Knoblauch and van Bel (1998) used confocal laser scanning microscopy to visualize fluorescent dyes moving in sieve tubes of V. faba, which provided definitive evidence of unimpeded mass flow in intact plants. This study also reported that P-type plastids in V. faba actually exploded upon injury of sieve elements, releasing their protein contents, which, together with the dispersed crystalloid protein, rapidly occluded the sieve plate pores. In this issue of The Plant Cell, Knoblauch et al. (pages 1221–1230) extend their previous work with confocal microscopy to show that crystalloid P-proteins of V. faba rapidly disperse and occlude sieve plate pores after injury or osmotic shock. Furthermore, they make the striking observation that this process is rapidly reversible and controlled by calcium fluxes. It is shown that protein from the large crystalloid protein bodies in V. faba sieve elements dispersed to plug the sieve plate pores after injury from micropipette injection or osmotic shock induced by various osmolytes. Addition of the chelating agent EDTA completely prevented crystalloid P-protein dispersal, and repeated exchanges of Ca2+- and EDTA-containing media induced the alternate dispersal and re-assembly, respectively, of crystalloid P-proteins in injured sieve tubes. This work represents an important advance in our knowledge of phloem transport.
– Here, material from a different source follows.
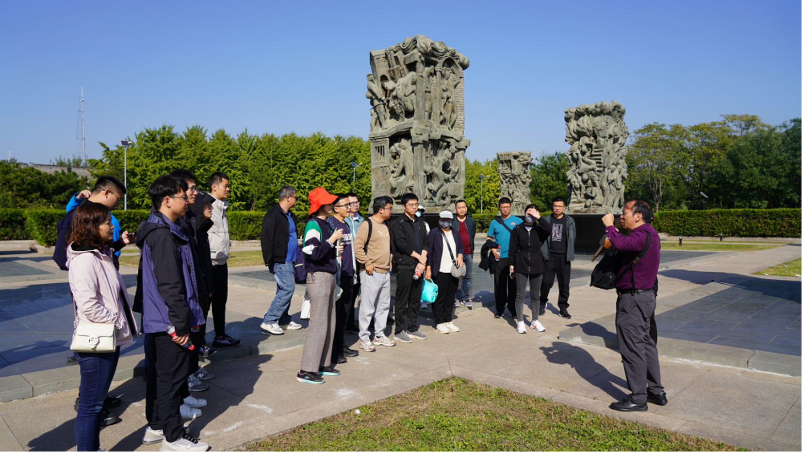 中国人民抗日战争纪念雕塑园共有日寇侵凌、奋起救亡、抗日烽火、正义必胜四个雕塑集群,讲解员声情并茂地讲述了中国人民可歌可泣的抗日事迹。园中下层广场中心的“中国人民抗日战争胜利纪念碑”高耸入云,庄严肃穆。同志们在纪念碑前肃立,面对党旗,在学院支部书记董刚的带领下,全体党员高举右手重温入党誓词,向在抗日战争中英勇牺牲的先烈致以最深切的敬意和怀念,同时也表达了新时代党员在新征程中勇挑重担,赓续红色基因,传承和弘扬党的光荣传统和优良作风的决心和信念。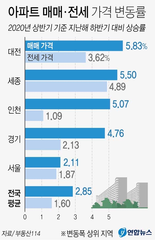 시·도별로 아파트값은 대전(5.83%)이 최대 상승 폭을 기록했다. 이어 세종(5.50%), 인천(5.07%), 경기(4.76%), 서울(2.11%), 부산(1.97%), 충남(1.29%), 울산(1.07%) 등이 뒤를 이었다.

Data from the current study, together with that of Knoblauch and van Bel (1998), suggest that P-protein originating from all sources within V. faba sieve elements (e.g., P-plastids, parietal proteins, and larger crystalloid P-proteins) takes part in the occlusion of sieve plate pores after injury to cells. Repeated observations now suggest that crystalloid proteins in V. faba are much more sensitive to perturbation than are the P-type plastids. Unlike the reversibility of crystalloid protein dispersal, explosion and dispersal of the P-type plastids appears to be irreversible and presages the death of a sieve element (M. Knoblauch and A.J.E. van Bel, personal communication). Dispersal of parietal proteins after injury has also been observed and was found to be more sensitive to perturbation than was the explosion of P-type plastids (Knoblauch and van Bel, 1998).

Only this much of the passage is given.